La fiction est affaire de musique. J'ai cru qu'ils enlevaient toute trace de toi est un roman sur l'impossible devenu possible. Et le rythme, le tempo qui a permi à l'horreur d'advenir. Au centre, l'insupportable question posée par le génocide rwandais : comment hommes et femmes ont-ils basculé dans le meurtre collectif de huit cent mille hommes, femmes, enfants ? A  cette question, à laquelle Jean Hatzfeld a répondu par la puissance du livre documentaire, Yoan Smadja répond par la fiction.
Oriane Jeancourt Galignant / TRANSFUGE
Dans ce remarquable premier roman, Yoan Smadja nous parle de résilience, de reconstruction et de la puissance de l'écriture.
Ariane Bois / PSYCHOLOGIES MAGAZINE

Ce qu'en pensent nos lecteurs sur Babelio

  • So83 Posté le 2 Septembre 2020
    POIGNANT ! Ce livre me restera longtemps en mémoire... Printemps 2004. Sasha, reporter de guerre française, est envoyée par son journal au Cap, en d'Afrique du Sud, pour couvrir les premières élections post-Apartheid. Elle y retrouve Benjamin, photographe. Mais dès son arrivée, un évènement va les conduire à rejoindre le Rwanda où la situation politique est explosive et les conflits entre Hutus et Tutsis font rage.
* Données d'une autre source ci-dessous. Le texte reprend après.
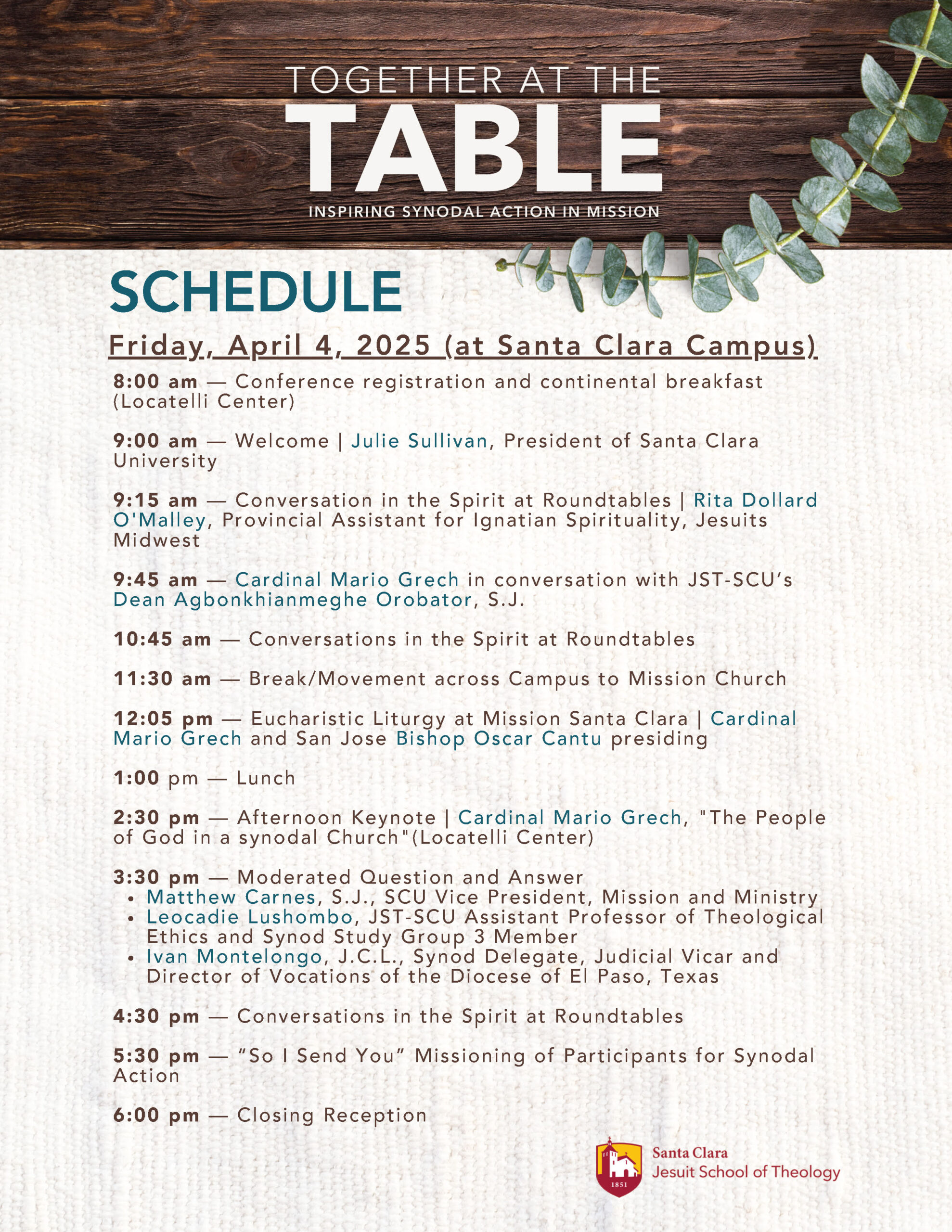 The Synod on Synodality has concluded, and the journey continues. Join the Jesuit School of Theology of Santa Clara University, key ecclesial leaders, and other partners in mission who are committed to building a synodal Church. We invite you to participate in exploring the transformative power of synodality and prepare for the vital work ahead of remodeling the Church. Everyone is welcome.Your seat at the table is here.

Ils croisent la route de Daniel, médecin tutsi, à la recherche de sa femme Rose et de son fils Joseph, dont il a perdu la trace au milieu des massacres. Le titre du livre est un extrait d'un carnet retrouvé, qui protège les lettres écrites par Rose et adressées à Daniel. Ces lettres, que l'on découvre au fur et à mesure du récit, nous content l'histoire de Rose et sa famille, employés de l'ambassade de France à Kigali. Mais elles sont aussi de sublimes et magnifiques déclarations d'amour pour son homme. Des lettres d'une incroyable beauté, bouleversantes, qui nous dévoilent toutes les horreurs de cette guerre. Un livre qu'il faut absolument lire pour comprendre ce qui s'est joué au Rwanda et la puissance de l'écriture de Yoan Smadja! Coup de cœur !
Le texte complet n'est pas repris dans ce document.